CodeEditorBench

🔔News

Abstract

Large Language Models (LLMs) for code are rapidly evolving, with code editing emerging as a critical capability. We introduce CodeEditorBench, a pioneering evaluation framework designed to rigorously assess the performance of LLMs in code editing tasks, including debugging, translating, polishing, and requirement switching. Unlike existing benchmarks focusing solely on code generation, CodeEditorBench emphasizes real-world scenarios and practical aspects of software development.

We curated diverse coding challenges and scenarios from five sources, covering various programming languages, complexity levels, and editing tasks. Evaluating 17 LLMs revealed that closed-source models, particularly Gemini-Ultra and GPT-4, outperform open-source models in CodeEditorBench, highlighting differences in model performance based on problem type and prompt sensitivity. CodeEditorBench aims to catalyze advancements in LLMs by providing a robust platform for assessing code editing capabilities. We will release all prompts and datasets to enable the community to expand the dataset and benchmark emerging LLMs.

Overview

Figure 2 presents a selection of exemplars from the CodeEditorBench, delineating the spectrum of code editing tasks, including Code Debugging, Code Translating, Code Polishing, and Code Requirement Switching. Each dataset entry shares similar attributes such as title, difficulty, public and private test inputs and outputs, as well as code_language. Unique to the Code Debugging tasks is an 'error_type' attribute, denoting the specific issue present in the code.

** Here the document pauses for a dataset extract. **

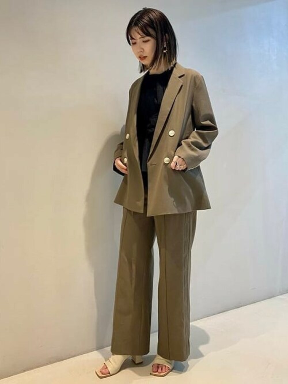 セットアップってやっぱり気持ちがしゃんとしますね!ジャケットもパンツも生地が柔らかいので、かっちりしすぎなところが◎シルバーアクセをプラスしたのもポイントです!
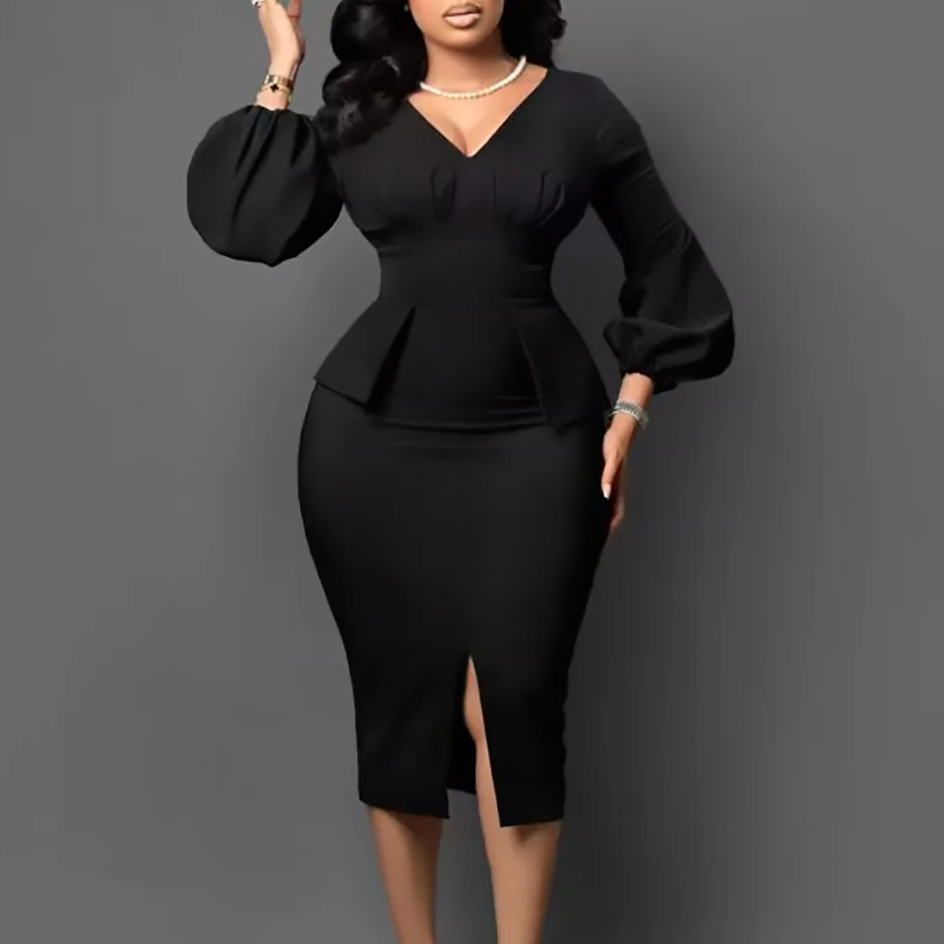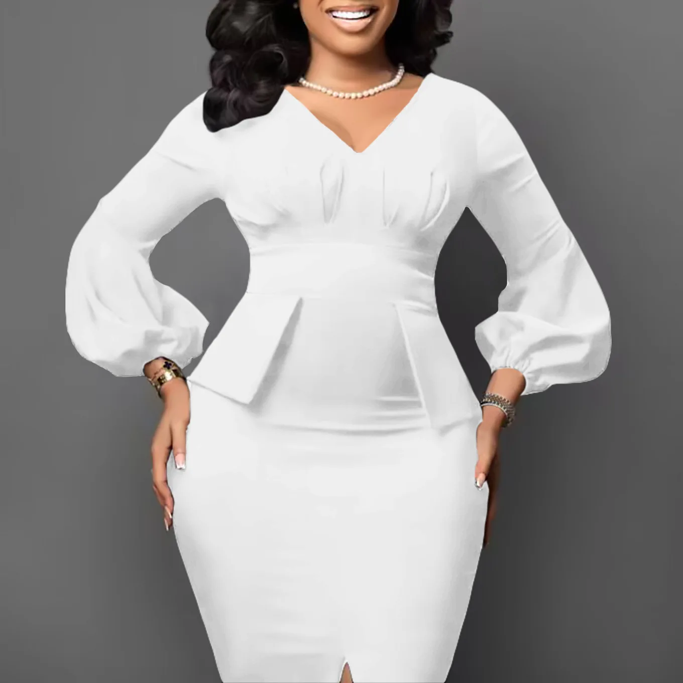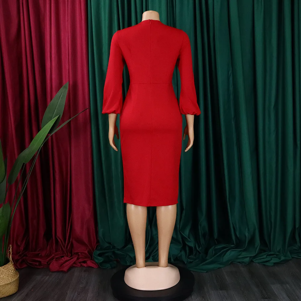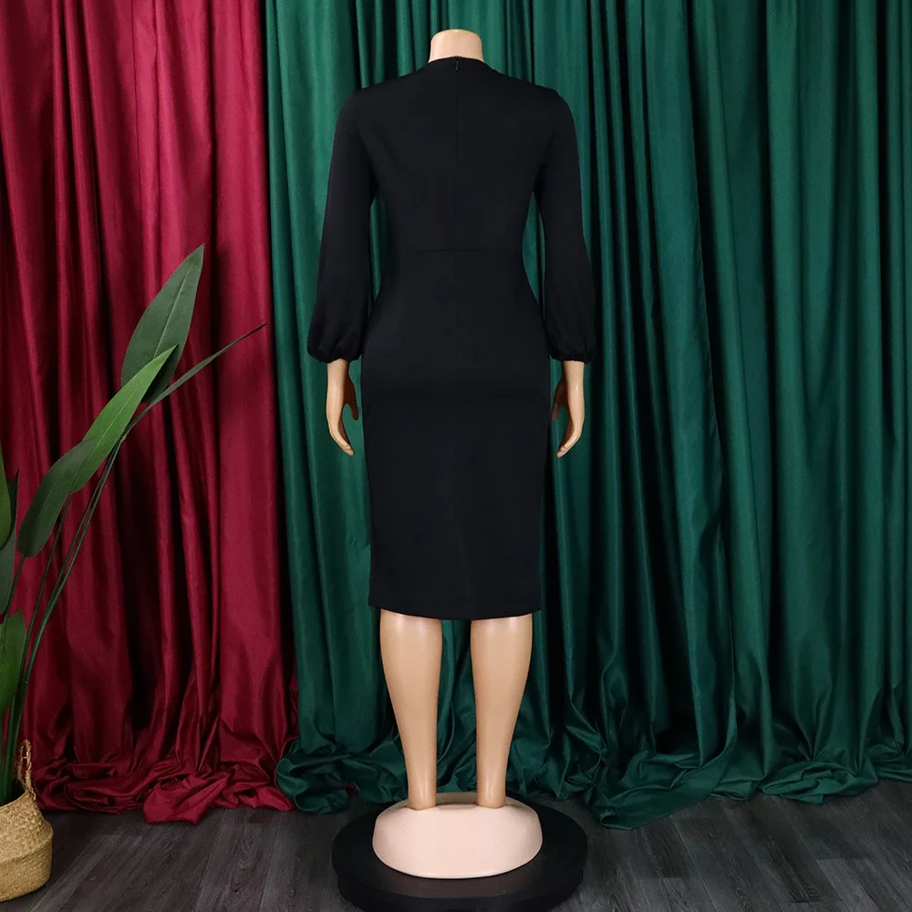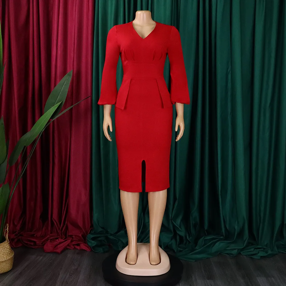 FairyShely 2025 Spring Bodycon Plus Size Dress Women Large Solid Big Sheath Dresses Lady Long Sleeve Party Tight Curvy Dress

Translating tasks are distinguished by source_lang and target_lang attributes, indicating the original and target programming languages. Code Polishling tasks include avg_running_time and avg_memory attributes, quantifying the average execution time and memory usage, respectively. Finally, Code Requirement Switching tasks feature a distinct set of attributes including public_similar_tests, public_target_tests and private_target_tests inputs and outputs, which correspond to the initial and target test cases of the coding problem. And the same is true for similar_title and target_title.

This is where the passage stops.